The origin of the recommendation system may be somewhat controversial, but if we want to say who pushed the research of the recommendation system to a climax in history, it must be Netflix's million-dollar competition. In 2006, Netflix announced a $1 million prize for the first entrant who could improve the accuracy of their company's existing recommendation algorithm (CineMatch) by more than 10%. ( 朋友们,06年的百万美金是什么概念呢?同期,平均汇率是1美元=7.97元人民币,而当时北京的商品房成交均价是6000~8000)

There must be brave men under heavy rewards, this has been the case since ancient times.

After Netflix advertised, it immediately attracted more than 40,000 teams from 186 countries to compete in the Central Plains. In just two weeks, Netflix had 169 submissions, and a month later it had more than a thousand.

A few months after the start of the competition, some contestants improved the original CineMatch algorithm by 5%. One year later, the best answer was very close to 9%. However, it took us two years to break through the last 1%. In the later stage, this competition has evolved into an academic research time, and some participants even published their own algorithms in full for peer reference.

It was not until June 26, 2009 that the team BellKor broke through the threshold of 10% for the first time, reaching 10.05%. It was this team that finally won the award in the later stage.
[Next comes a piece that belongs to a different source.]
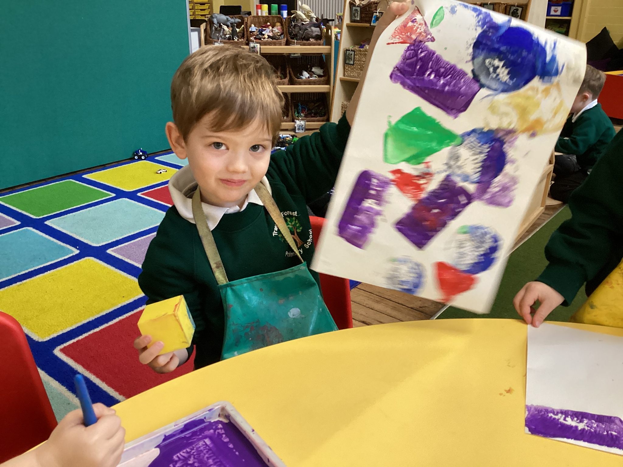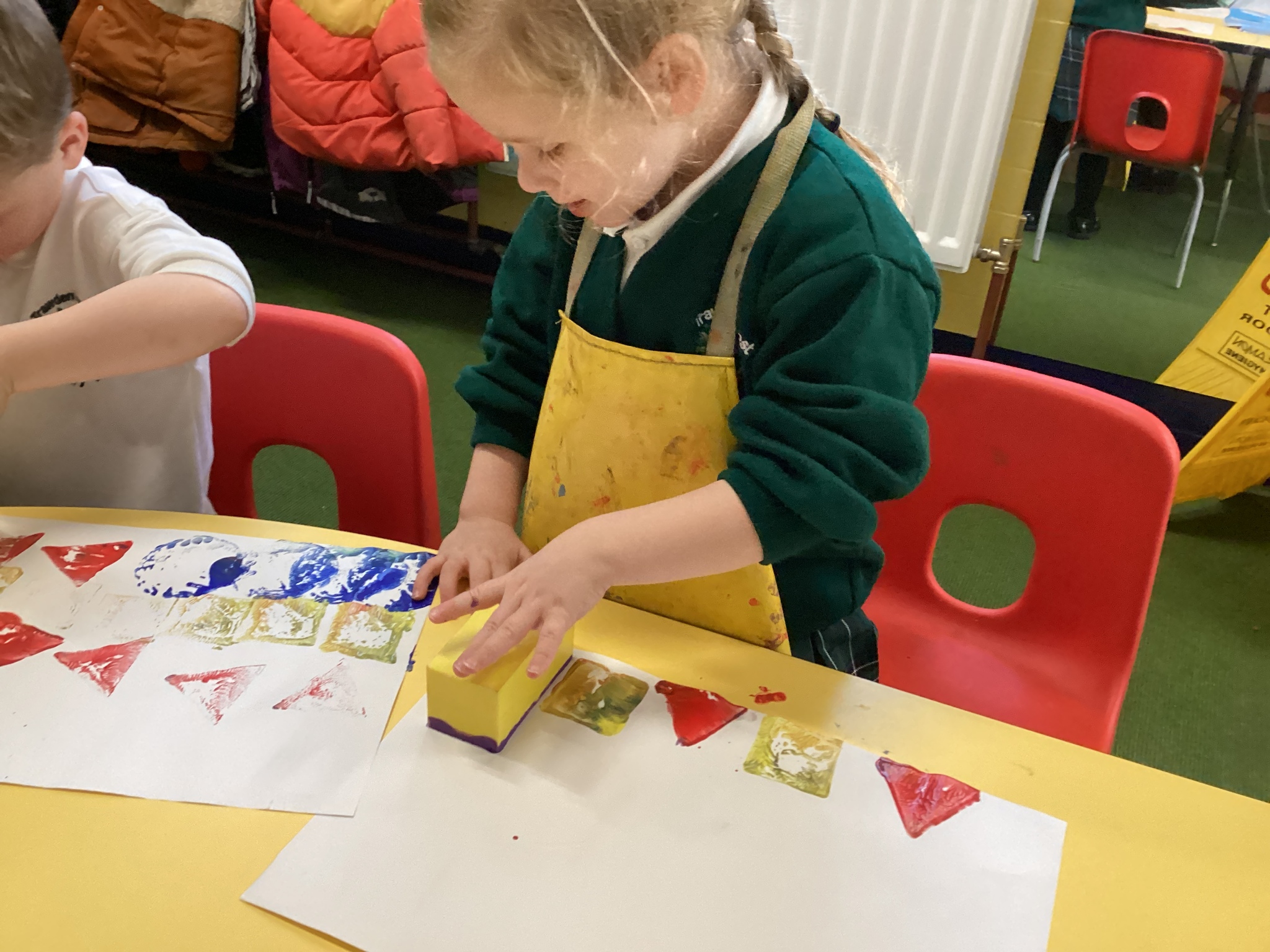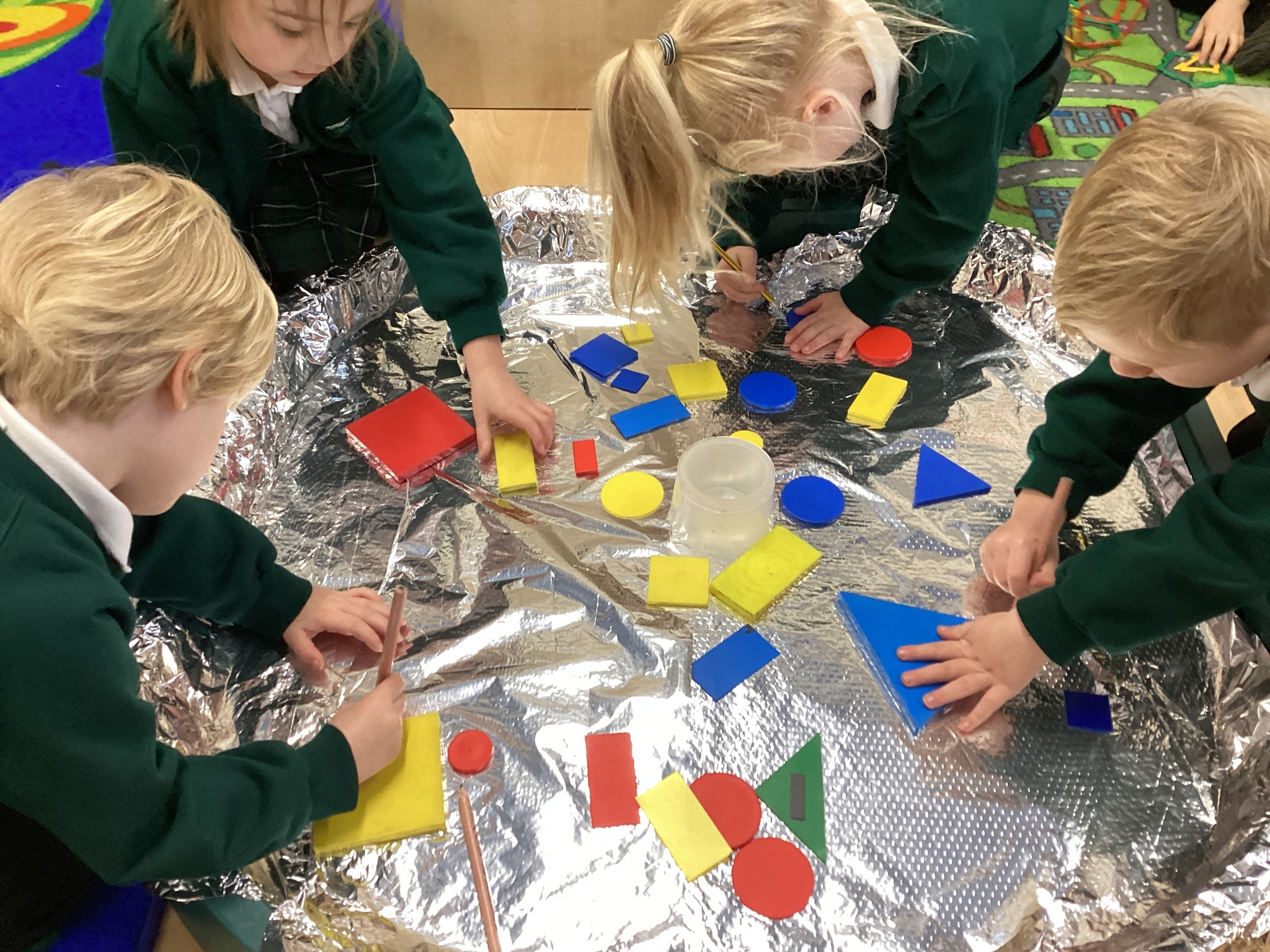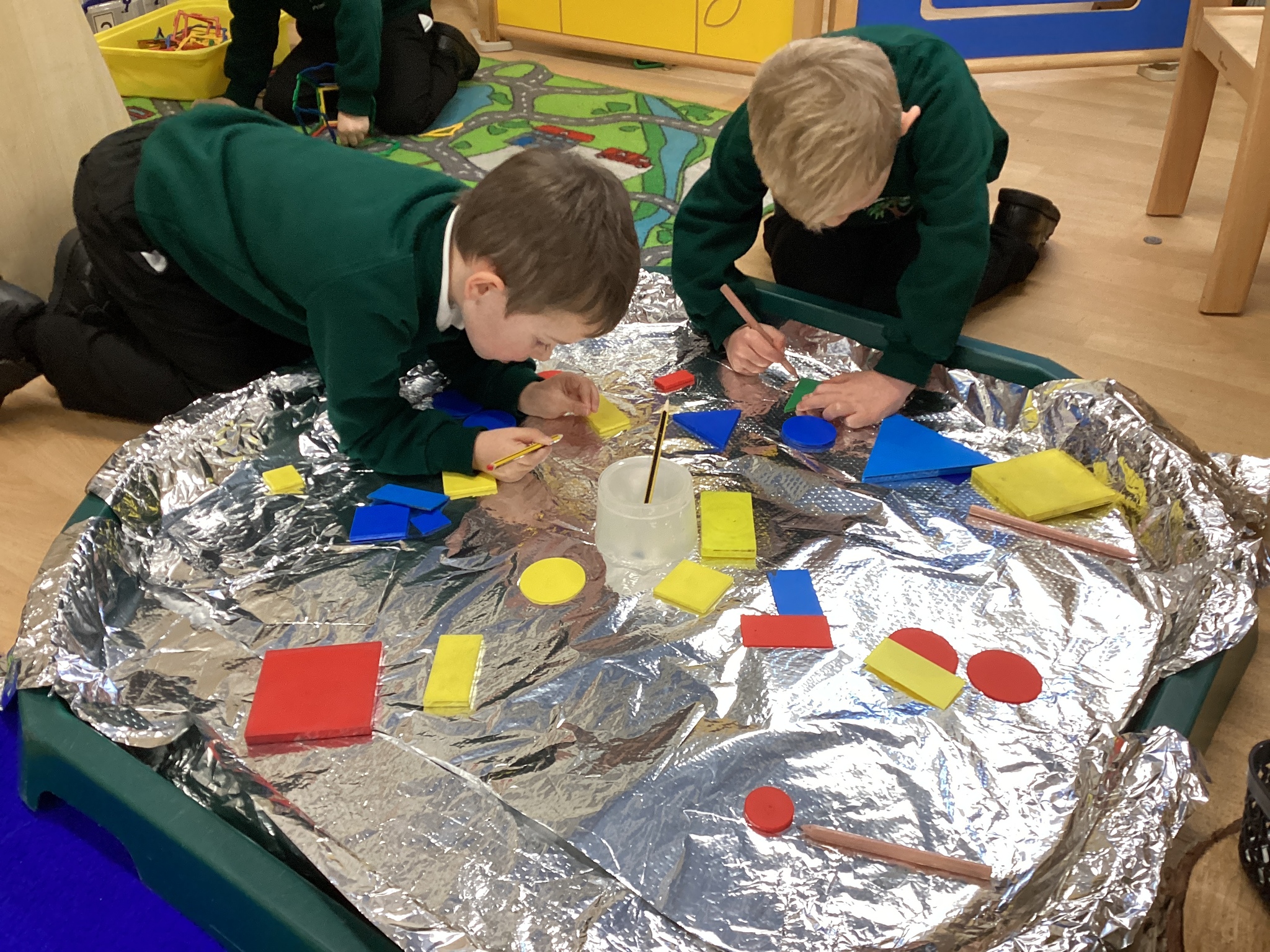 We have also been busy learning about and hunting for shapes! We have found out about Kandinsky and looked at some of his art involving shapes. We have loved making our own 'Kandinsky' style pieces of art too!

Interestingly, the award for the BellKor team has not been all smooth sailing. According to the rules of the competition, if a team breaks through 10% and no one can submit a new algorithm higher than the team within 30 days, then the team will win the game.

On July 26, 2009, the last day of the competition, the BellKor team submitted their latest algorithm 10.06%, with an RMSE (root mean square error) of 0.856704, and 20 minutes later, The Ensemble team ( ) also submitted their latest algorithm, which also reached 10.06%, with a root mean square error of 0.856714. For the last four, the final grand prize was awarded to the 其中还有个中国人BellKor team . Time is money, brilliant note.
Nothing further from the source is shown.